18650 2000mah battery

　　Flexible amorphous silicon thin film 18650 2000mah battery technology

　　In the past few decades, the continuous rapid development of human economic activities has caused a rapid increase in electricity demand. A 18650 2000mah battery is a semiconductor device that uses the photovoltaic effect to directly convert solar energy into electrical energy. It can easily be connected to the grid for power generation or used as an independent energy source.
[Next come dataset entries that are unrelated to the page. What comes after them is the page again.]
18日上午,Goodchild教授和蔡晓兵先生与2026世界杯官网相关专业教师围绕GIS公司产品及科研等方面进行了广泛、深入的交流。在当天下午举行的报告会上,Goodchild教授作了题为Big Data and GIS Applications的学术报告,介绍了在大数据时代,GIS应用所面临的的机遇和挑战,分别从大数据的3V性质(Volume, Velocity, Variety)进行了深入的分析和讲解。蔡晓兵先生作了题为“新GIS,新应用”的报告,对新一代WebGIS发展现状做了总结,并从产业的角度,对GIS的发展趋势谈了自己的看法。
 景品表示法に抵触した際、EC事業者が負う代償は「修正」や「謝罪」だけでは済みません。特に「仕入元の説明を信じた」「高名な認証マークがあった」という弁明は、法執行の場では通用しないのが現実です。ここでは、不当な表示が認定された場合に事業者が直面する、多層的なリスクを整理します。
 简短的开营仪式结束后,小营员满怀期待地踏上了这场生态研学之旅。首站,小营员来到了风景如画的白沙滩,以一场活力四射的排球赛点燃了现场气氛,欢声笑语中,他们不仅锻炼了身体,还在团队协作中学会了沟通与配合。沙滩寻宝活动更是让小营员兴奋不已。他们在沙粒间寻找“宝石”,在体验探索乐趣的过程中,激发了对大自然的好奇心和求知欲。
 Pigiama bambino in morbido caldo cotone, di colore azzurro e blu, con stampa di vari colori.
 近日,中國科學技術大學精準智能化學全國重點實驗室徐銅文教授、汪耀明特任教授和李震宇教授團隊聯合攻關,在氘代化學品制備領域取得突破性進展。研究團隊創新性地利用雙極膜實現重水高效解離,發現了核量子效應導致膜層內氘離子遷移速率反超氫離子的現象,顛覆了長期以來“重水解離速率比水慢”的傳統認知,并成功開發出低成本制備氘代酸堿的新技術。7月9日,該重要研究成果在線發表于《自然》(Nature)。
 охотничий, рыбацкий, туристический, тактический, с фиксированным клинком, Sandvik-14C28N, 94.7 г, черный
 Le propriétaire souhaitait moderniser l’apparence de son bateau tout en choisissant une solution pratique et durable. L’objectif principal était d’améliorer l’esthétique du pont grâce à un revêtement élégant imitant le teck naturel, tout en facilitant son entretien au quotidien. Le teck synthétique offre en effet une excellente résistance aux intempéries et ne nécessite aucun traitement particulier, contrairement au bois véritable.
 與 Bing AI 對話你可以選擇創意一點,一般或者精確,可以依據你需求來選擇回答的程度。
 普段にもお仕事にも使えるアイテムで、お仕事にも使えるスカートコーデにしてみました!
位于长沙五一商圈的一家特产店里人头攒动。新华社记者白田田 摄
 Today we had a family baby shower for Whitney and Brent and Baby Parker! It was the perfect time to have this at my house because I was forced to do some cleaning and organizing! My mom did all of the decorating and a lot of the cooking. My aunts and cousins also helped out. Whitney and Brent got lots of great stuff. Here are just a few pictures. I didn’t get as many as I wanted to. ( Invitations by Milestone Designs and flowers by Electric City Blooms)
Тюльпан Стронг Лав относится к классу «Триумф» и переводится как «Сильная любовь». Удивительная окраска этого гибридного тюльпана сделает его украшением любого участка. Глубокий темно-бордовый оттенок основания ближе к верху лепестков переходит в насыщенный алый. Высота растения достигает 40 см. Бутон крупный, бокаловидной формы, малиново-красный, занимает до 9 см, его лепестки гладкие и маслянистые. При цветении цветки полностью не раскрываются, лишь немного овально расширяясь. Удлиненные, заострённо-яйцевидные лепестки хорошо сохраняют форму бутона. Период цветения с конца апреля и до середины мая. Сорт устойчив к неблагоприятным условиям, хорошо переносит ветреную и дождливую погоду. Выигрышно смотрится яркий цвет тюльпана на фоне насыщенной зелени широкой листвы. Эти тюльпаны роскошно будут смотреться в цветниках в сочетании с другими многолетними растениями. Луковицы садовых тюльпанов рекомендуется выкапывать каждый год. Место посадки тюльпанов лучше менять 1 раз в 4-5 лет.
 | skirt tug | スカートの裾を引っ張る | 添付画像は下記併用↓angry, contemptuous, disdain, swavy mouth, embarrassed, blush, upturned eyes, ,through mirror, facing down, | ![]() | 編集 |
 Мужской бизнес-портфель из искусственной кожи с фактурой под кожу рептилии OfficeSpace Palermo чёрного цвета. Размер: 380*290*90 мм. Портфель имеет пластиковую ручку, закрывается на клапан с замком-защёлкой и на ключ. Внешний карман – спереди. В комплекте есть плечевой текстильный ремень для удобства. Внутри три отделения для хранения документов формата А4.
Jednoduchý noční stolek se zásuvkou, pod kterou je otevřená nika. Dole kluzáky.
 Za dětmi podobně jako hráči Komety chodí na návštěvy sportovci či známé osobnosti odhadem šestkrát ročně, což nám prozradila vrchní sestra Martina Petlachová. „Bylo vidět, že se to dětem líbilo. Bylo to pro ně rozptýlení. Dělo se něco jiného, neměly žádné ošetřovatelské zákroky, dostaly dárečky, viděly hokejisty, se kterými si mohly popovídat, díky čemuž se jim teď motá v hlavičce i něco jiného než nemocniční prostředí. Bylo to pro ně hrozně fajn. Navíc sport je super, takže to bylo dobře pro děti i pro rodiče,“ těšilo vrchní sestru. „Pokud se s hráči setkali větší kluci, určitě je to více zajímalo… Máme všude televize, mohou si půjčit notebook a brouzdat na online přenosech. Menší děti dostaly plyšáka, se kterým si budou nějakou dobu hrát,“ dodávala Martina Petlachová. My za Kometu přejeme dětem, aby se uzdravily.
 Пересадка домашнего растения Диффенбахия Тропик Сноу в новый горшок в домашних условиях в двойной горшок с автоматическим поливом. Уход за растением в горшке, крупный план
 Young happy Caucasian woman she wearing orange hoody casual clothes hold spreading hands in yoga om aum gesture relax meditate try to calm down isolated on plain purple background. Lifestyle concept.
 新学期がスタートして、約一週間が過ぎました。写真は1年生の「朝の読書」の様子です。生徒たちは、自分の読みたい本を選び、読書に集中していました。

As we all know, 18650 2000mah battery power generation has many advantages, such as safety and reliability, no noise, no pollution, energy is available everywhere, no need to consume fuel, no mechanical rotating parts, low failure rate, easy maintenance, can be unattended, and can be of any size , can be easily combined with buildings, etc. These advantages are beyond the reach of conventional power generation.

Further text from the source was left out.